Jesús, momentos previos a su bautismo, le manifiesta a Juan el Bautista que su


misión es la de ser solidario con los pecadores, para acoger sobre sí el yugo de los
pecados de la humanidad.

Y es lo que confirma el mismo Bautista cuando presenta a Jesús diciendo: “He aquí el
Cordero de Dios que quita el pecado del mundo” (Jn 1, 29).

El testimonio del Bautista es el resumen de lo que el profeta Isaías ya había anunciado


sobre el Siervo de Yahvéh (prefiguración de Jesucristo): “Él ha sido herido por
nuestras rebeldías, molido por nuestras culpas. Él soportó el castigo que nos trae la
paz… Yahvéh descargó sobre Él la culpa de todos nosotros… como un cordero al
degüello era llevado… Por sus desdichas justificará mi Siervo a muchos y las culpas
de ellos él soportará‘ (Is 53, 5-7. 11). Tras su resurrección Jesús camina hacia Emaús
con dos de sus discípulos sin que estos lo reconocieran, y durante el camino les
explica las Escrituras del Antiguo Testamento en los siguientes términos: ‘¿No era
necesario que el Cristo padeciera esto y entrar así en su gloria?’ (Lc 24, 26). Y,
además, en ocasión del último encuentro del resucitado con los Apóstoles Él les dice:
“Es necesario que se cumpla todo lo que está escrito en la ley de Moisés, en los
Profetas y en los Salmos acerca de mi” (Lc 24, 44b).

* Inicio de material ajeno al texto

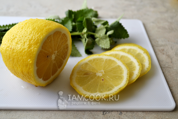 Лимон промойте с содой под горячей водой. Нарежьте с кожурой на кружочки. Веточки мелиссы тщательно промойте.
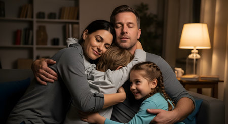 A loving family of four, including parents and two children, share a warm embrace on a sofa in a dimly lit living room. The scene is illuminated by a soft lamp, creating a cozy atmosphere of happiness, safety, and togetherness.
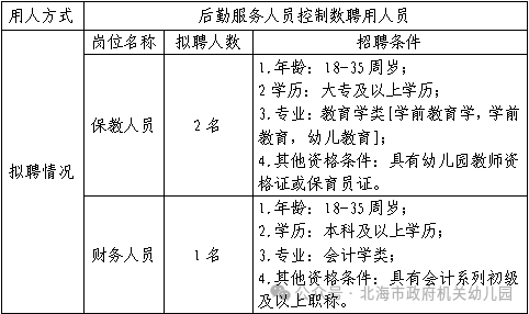 為滿足幼兒園后勤服務(wù)用人的需要,擬向社會(huì)公開(kāi)招聘后勤服務(wù)人員控制數(shù)工作人員3名。
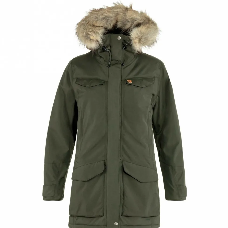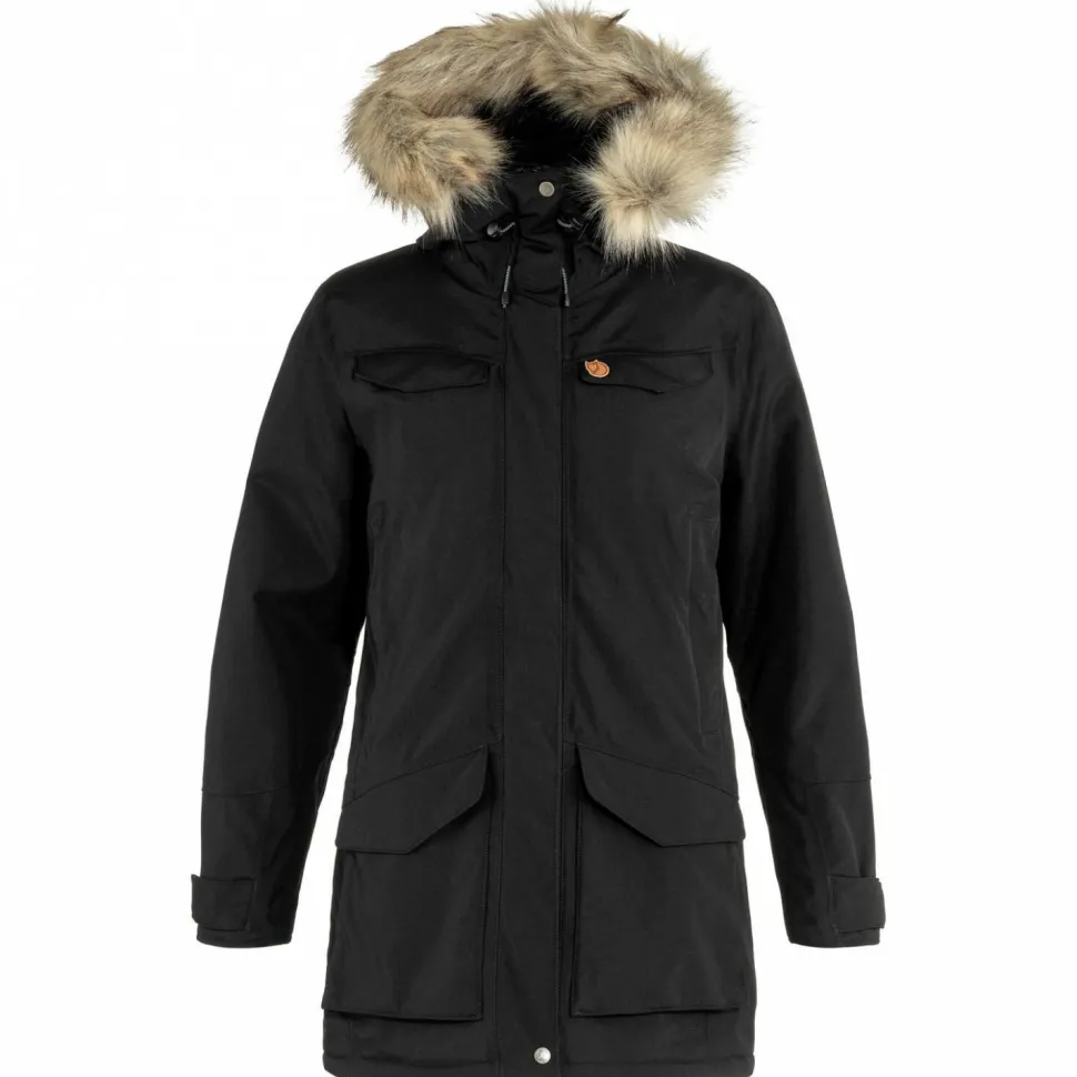 Der Women’s Nuuk Parka von Fjällräven ist ein treuer Begleiter für die kalten Tage. Mit seiner coolen und stylischen Optik verleiht er Dir einen angesagten Look und punktet gleichzeitig mit einer ganzen Reihe an nützlichen Features. Angefangen mit seinen wärmenden Materialien: diese sorgen dafür, dass Du auch bei Minusgraden nicht frierst. Sie isolieren die Körperwärme gekonnt und lassen in Sachen Gemütlichkeit im Innern der Jacke nichts anbrennen. Damit auch der empfindliche Kopfbereich bei Wind und Wetter geschützt werden kann, ist der Parka mit einer Kapuze ausgestattet. Sie kann schnell und einfach mit einem Kordelzug und einem Schirm auf die gewünschte Passform eingestellt werden.
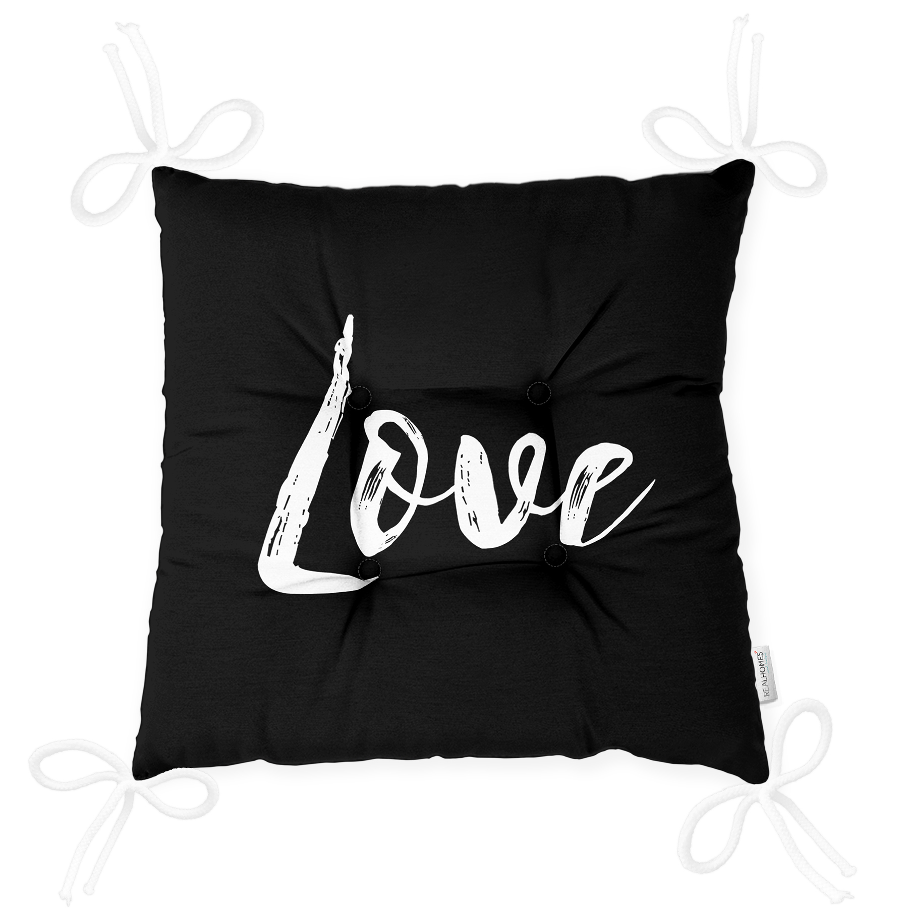 Siyah Zeminde Love Yazılı Modern Pofuduk Sandalye Minderi Realhomes

Nos encontramos, pues, ante un designio divino que, aunque sea muy lógico a sus
ojos, sigue siendo un misterio que la razón humana no puede explicar
satisfactoriamente.

Es lo que el Apóstol Pablo confirmará con una paradoja muy famosa: “Porque la
necedad divina es más sabia que la sabiduría de los hombres, y la debilidad divina,
más fuerte que la fuerza de los hombres” (1 Cor 1, 25).